◆ **WHAT IS REQUIRED**
Identical copies of all the records below are needed.

Records excerpted from a collection:
++++++

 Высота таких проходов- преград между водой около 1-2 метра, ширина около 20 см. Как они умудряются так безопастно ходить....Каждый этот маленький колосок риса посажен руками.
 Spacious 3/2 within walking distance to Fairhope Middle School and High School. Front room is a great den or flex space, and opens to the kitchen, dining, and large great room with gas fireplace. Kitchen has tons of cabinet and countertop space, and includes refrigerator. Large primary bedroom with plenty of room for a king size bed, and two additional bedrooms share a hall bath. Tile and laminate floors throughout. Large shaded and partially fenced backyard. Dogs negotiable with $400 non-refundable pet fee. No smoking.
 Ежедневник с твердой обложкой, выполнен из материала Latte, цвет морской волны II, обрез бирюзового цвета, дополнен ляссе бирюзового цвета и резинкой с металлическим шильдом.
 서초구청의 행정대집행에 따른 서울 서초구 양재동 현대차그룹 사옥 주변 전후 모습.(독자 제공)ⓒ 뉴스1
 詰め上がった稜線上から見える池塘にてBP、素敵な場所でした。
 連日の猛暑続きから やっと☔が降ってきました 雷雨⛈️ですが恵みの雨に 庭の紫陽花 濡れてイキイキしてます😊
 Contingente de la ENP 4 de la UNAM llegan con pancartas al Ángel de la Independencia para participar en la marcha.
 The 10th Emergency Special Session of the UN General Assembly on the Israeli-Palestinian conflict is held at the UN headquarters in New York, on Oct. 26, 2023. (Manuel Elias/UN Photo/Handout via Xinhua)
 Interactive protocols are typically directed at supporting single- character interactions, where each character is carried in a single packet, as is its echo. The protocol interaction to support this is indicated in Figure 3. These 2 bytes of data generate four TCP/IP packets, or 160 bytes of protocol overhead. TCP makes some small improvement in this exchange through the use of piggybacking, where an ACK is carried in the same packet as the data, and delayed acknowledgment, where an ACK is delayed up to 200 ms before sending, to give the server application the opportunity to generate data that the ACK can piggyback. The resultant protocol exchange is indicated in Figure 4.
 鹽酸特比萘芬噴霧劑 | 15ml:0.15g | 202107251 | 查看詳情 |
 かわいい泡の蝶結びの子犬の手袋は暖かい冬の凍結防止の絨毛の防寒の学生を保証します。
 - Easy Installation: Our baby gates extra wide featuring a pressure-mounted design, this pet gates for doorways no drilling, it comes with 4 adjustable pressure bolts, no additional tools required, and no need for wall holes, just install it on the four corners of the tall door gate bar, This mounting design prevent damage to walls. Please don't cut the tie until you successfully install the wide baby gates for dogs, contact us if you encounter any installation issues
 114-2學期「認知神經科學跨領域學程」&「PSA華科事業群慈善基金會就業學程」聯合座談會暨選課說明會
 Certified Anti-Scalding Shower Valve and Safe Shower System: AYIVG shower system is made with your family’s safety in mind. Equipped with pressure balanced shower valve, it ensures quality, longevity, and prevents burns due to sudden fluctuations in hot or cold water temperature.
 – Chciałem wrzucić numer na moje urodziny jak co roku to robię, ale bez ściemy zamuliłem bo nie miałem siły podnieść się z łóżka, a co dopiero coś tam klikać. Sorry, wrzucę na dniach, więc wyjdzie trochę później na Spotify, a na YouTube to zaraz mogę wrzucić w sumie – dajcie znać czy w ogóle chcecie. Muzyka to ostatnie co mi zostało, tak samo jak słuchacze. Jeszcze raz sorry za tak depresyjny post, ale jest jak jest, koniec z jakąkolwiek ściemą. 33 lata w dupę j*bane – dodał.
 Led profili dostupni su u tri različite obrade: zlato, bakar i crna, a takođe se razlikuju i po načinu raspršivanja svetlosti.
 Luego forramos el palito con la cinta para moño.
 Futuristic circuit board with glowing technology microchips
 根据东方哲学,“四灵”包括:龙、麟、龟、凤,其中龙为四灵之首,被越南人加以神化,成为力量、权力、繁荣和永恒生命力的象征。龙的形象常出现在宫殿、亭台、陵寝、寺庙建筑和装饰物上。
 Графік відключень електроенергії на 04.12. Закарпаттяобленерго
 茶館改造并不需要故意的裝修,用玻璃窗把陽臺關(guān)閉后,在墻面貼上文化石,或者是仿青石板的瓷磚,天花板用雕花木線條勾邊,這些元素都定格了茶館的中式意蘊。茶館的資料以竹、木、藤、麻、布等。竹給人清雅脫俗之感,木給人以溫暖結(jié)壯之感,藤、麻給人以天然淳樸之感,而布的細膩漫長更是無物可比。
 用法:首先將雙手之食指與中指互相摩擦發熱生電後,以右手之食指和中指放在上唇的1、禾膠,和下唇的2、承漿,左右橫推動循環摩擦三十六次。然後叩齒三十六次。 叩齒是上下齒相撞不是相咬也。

++++++

◆ **TASK ANSWER**
 Высота таких проходов- преград между водой около 1-2 метра, ширина около 20 см. Как они умудряются так безопастно ходить....Каждый этот маленький колосок риса посажен руками.
 Spacious 3/2 within walking distance to Fairhope Middle School and High School. Front room is a great den or flex space, and opens to the kitchen, dining, and large great room with gas fireplace. Kitchen has tons of cabinet and countertop space, and includes refrigerator. Large primary bedroom with plenty of room for a king size bed, and two additional bedrooms share a hall bath. Tile and laminate floors throughout. Large shaded and partially fenced backyard. Dogs negotiable with $400 non-refundable pet fee. No smoking.
 Ежедневник с твердой обложкой, выполнен из материала Latte, цвет морской волны II, обрез бирюзового цвета, дополнен ляссе бирюзового цвета и резинкой с металлическим шильдом.
 서초구청의 행정대집행에 따른 서울 서초구 양재동 현대차그룹 사옥 주변 전후 모습.(독자 제공)ⓒ 뉴스1
 詰め上がった稜線上から見える池塘にてBP、素敵な場所でした。
 連日の猛暑続きから やっと☔が降ってきました 雷雨⛈️ですが恵みの雨に 庭の紫陽花 濡れてイキイキしてます😊
 Contingente de la ENP 4 de la UNAM llegan con pancartas al Ángel de la Independencia para participar en la marcha.
 The 10th Emergency Special Session of the UN General Assembly on the Israeli-Palestinian conflict is held at the UN headquarters in New York, on Oct. 26, 2023. (Manuel Elias/UN Photo/Handout via Xinhua)
 Interactive protocols are typically directed at supporting single- character interactions, where each character is carried in a single packet, as is its echo. The protocol interaction to support this is indicated in Figure 3. These 2 bytes of data generate four TCP/IP packets, or 160 bytes of protocol overhead. TCP makes some small improvement in this exchange through the use of piggybacking, where an ACK is carried in the same packet as the data, and delayed acknowledgment, where an ACK is delayed up to 200 ms before sending, to give the server application the opportunity to generate data that the ACK can piggyback. The resultant protocol exchange is indicated in Figure 4.
 鹽酸特比萘芬噴霧劑 | 15ml:0.15g | 202107251 | 查看詳情 |
 かわいい泡の蝶結びの子犬の手袋は暖かい冬の凍結防止の絨毛の防寒の学生を保証します。
 - Easy Installation: Our baby gates extra wide featuring a pressure-mounted design, this pet gates for doorways no drilling, it comes with 4 adjustable pressure bolts, no additional tools required, and no need for wall holes, just install it on the four corners of the tall door gate bar, This mounting design prevent damage to walls. Please don't cut the tie until you successfully install the wide baby gates for dogs, contact us if you encounter any installation issues
 114-2學期「認知神經科學跨領域學程」&「PSA華科事業群慈善基金會就業學程」聯合座談會暨選課說明會
 Certified Anti-Scalding Shower Valve and Safe Shower System: AYIVG shower system is made with your family’s safety in mind. Equipped with pressure balanced shower valve, it ensures quality, longevity, and prevents burns due to sudden fluctuations in hot or cold water temperature.
 – Chciałem wrzucić numer na moje urodziny jak co roku to robię, ale bez ściemy zamuliłem bo nie miałem siły podnieść się z łóżka, a co dopiero coś tam klikać. Sorry, wrzucę na dniach, więc wyjdzie trochę później na Spotify, a na YouTube to zaraz mogę wrzucić w sumie – dajcie znać czy w ogóle chcecie. Muzyka to ostatnie co mi zostało, tak samo jak słuchacze. Jeszcze raz sorry za tak depresyjny post, ale jest jak jest, koniec z jakąkolwiek ściemą. 33 lata w dupę j*bane – dodał.
 Led profili dostupni su u tri različite obrade: zlato, bakar i crna, a takođe se razlikuju i po načinu raspršivanja svetlosti.
 Luego forramos el palito con la cinta para moño.
 Futuristic circuit board with glowing technology microchips
 根据东方哲学,“四灵”包括:龙、麟、龟、凤,其中龙为四灵之首,被越南人加以神化,成为力量、权力、繁荣和永恒生命力的象征。龙的形象常出现在宫殿、亭台、陵寝、寺庙建筑和装饰物上。
 Графік відключень електроенергії на 04.12. Закарпаттяобленерго
 茶館改造并不需要故意的裝修,用玻璃窗把陽臺關(guān)閉后,在墻面貼上文化石,或者是仿青石板的瓷磚,天花板用雕花木線條勾邊,這些元素都定格了茶館的中式意蘊。茶館的資料以竹、木、藤、麻、布等。竹給人清雅脫俗之感,木給人以溫暖結(jié)壯之感,藤、麻給人以天然淳樸之感,而布的細膩漫長更是無物可比。
 用法:首先將雙手之食指與中指互相摩擦發熱生電後,以右手之食指和中指放在上唇的1、禾膠,和下唇的2、承漿,左右橫推動循環摩擦三十六次。然後叩齒三十六次。 叩齒是上下齒相撞不是相咬也。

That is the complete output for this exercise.